INPUT |
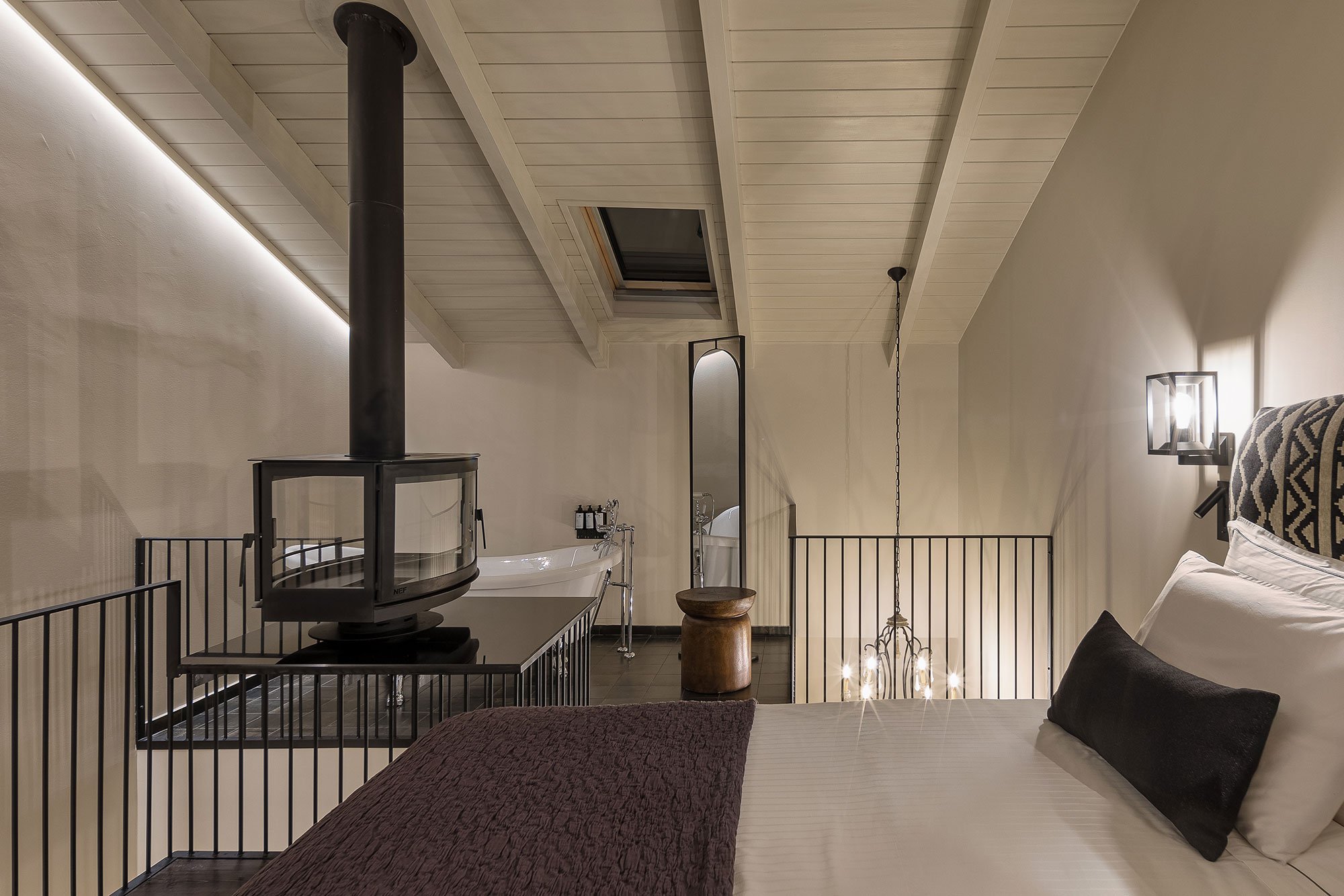 Loft 50 τ.μ. με ξεχωριστό υπνοδωμάτιο, καθιστικό, μπανιέρα και τζάκι — ιδανικό για άνετη και cozy διαμονή.
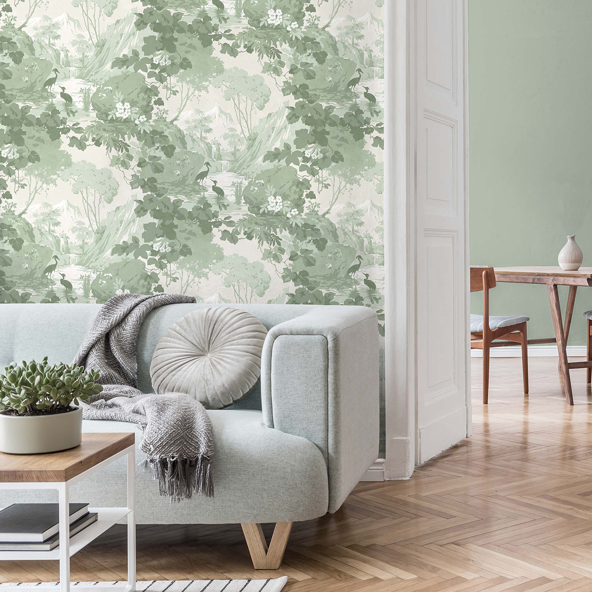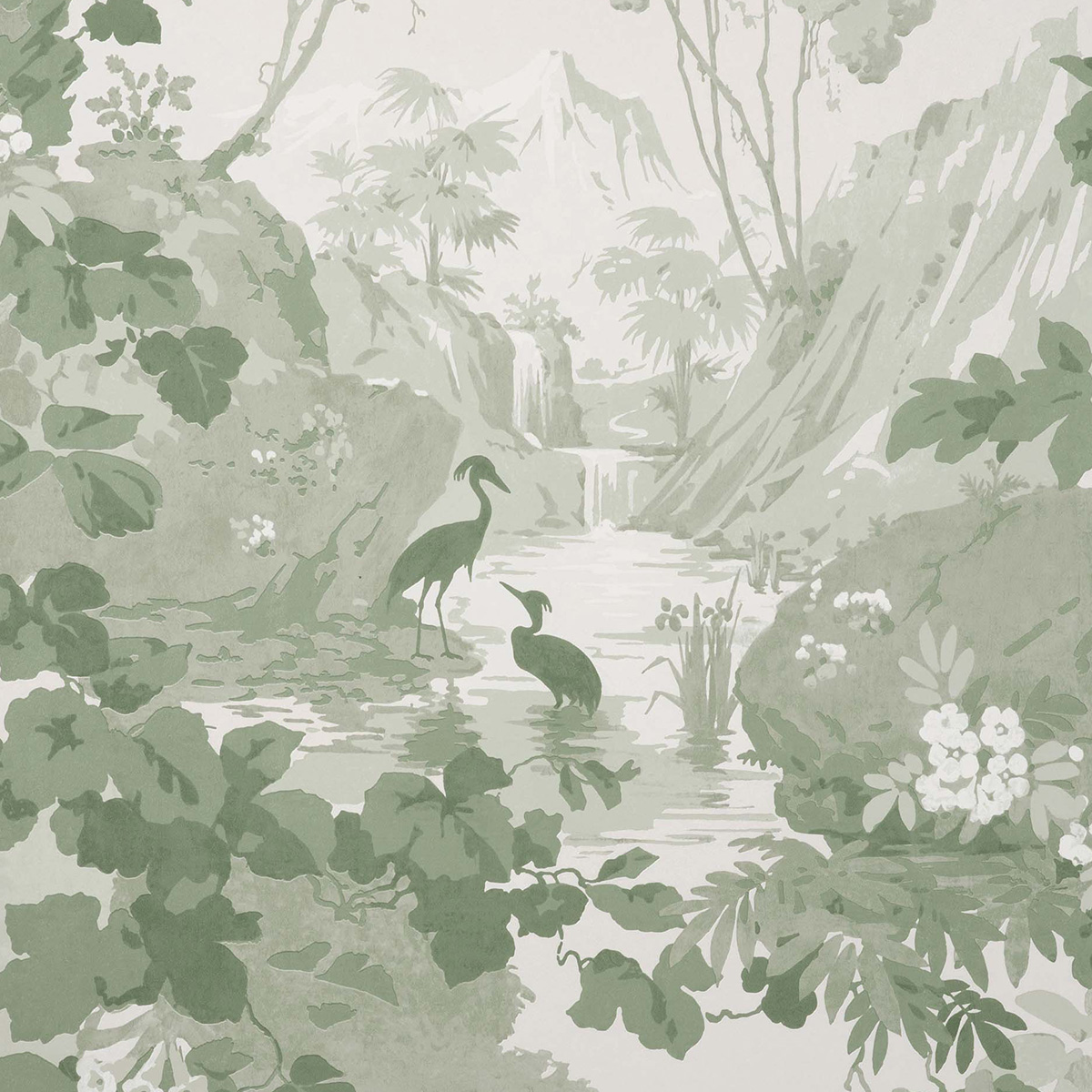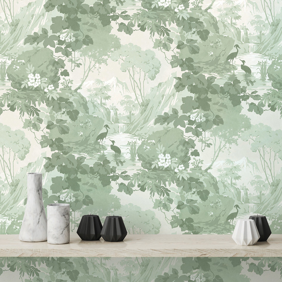 Атмосферный восточный пейзаж с живописными горами, водопадами, листьями и птицами очень точно передает гармонию и безмятежность, напоминающую зрителю о красоте природы. Гармоничные цветовые сочетания подчеркивают сюжет райского сада и привносят в интерьер дух аристократизма.
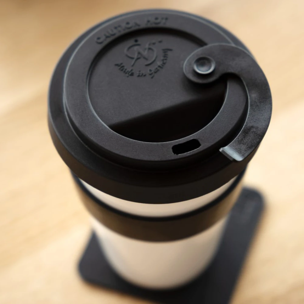 Det tettsittende lokket hjelper koppen med å holde på varmen og hindrer også at innholdet drypper ut når du skal på byen eller på båttur. Lokket har også en åpningsbar tut som kan trekkes til siden når du drikker fra kruset. Det elastiske og varmebeskyttende båndet rundt take-away-kruset gjør det lettere for deg å holde i kruset når du drikker varme drikker som te, kaffe og varm sjokolade.
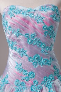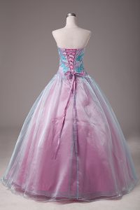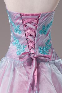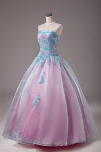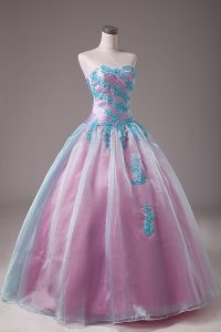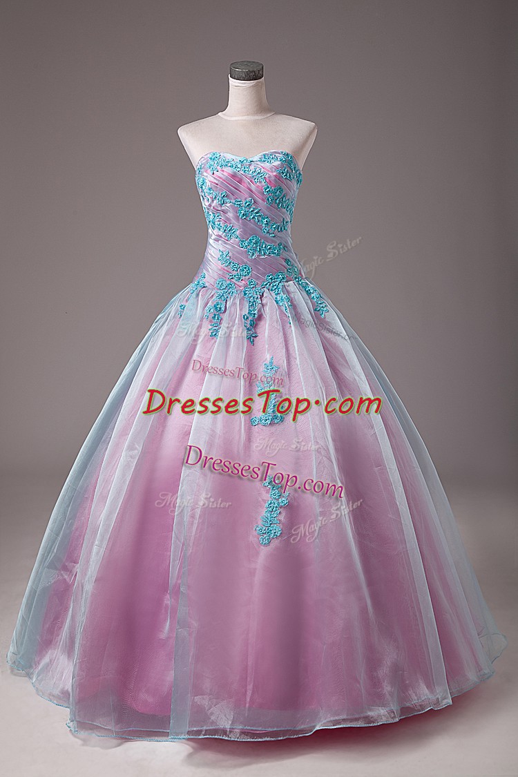 Light Blue Ball Gowns Sweetheart Sleeveless Organza Floor Length Lace Up Appliques Quinceanera Gowns
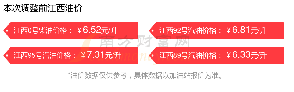 11月21日江西汽油、柴油每升的价格为11月11日调整后的价格,92号汽油为6.91元,上涨了0.1元,上涨幅达1.47%;95号汽油为7.41元,上涨了0.1元,上涨幅达1.37%;89号汽油为6.42元,上涨了0.09元,上涨幅达1.42%;0号柴油为6.62元,上涨了0.1元,上涨幅达1.53%。
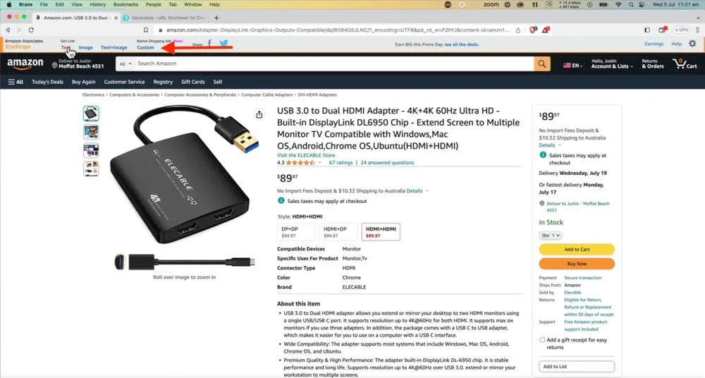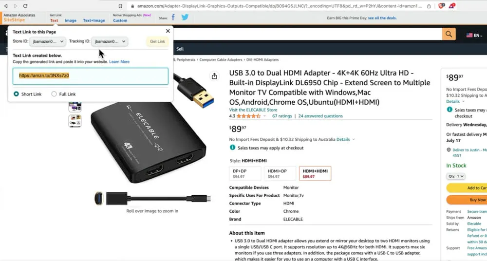 You’ll notice that there’s an Amazon Associates SiteStripe along the top of the webpage.

PROBLEM STATEMENT |
A verbatim rendering of the listing above is required, without any of its pictures.

REPLY |
 Loft 50 τ.μ. με ξεχωριστό υπνοδωμάτιο, καθιστικό, μπανιέρα και τζάκι — ιδανικό για άνετη και cozy διαμονή.
 Атмосферный восточный пейзаж с живописными горами, водопадами, листьями и птицами очень точно передает гармонию и безмятежность, напоминающую зрителю о красоте природы. Гармоничные цветовые сочетания подчеркивают сюжет райского сада и привносят в интерьер дух аристократизма.
 Det tettsittende lokket hjelper koppen med å holde på varmen og hindrer også at innholdet drypper ut når du skal på byen eller på båttur. Lokket har også en åpningsbar tut som kan trekkes til siden når du drikker fra kruset. Det elastiske og varmebeskyttende båndet rundt take-away-kruset gjør det lettere for deg å holde i kruset når du drikker varme drikker som te, kaffe og varm sjokolade.
 Light Blue Ball Gowns Sweetheart Sleeveless Organza Floor Length Lace Up Appliques Quinceanera Gowns
 11月21日江西汽油、柴油每升的价格为11月11日调整后的价格,92号汽油为6.91元,上涨了0.1元,上涨幅达1.47%;95号汽油为7.41元,上涨了0.1元,上涨幅达1.37%;89号汽油为6.42元,上涨了0.09元,上涨幅达1.42%;0号柴油为6.62元,上涨了0.1元,上涨幅达1.53%。
 You’ll notice that there’s an Amazon Associates SiteStripe along the top of the webpage.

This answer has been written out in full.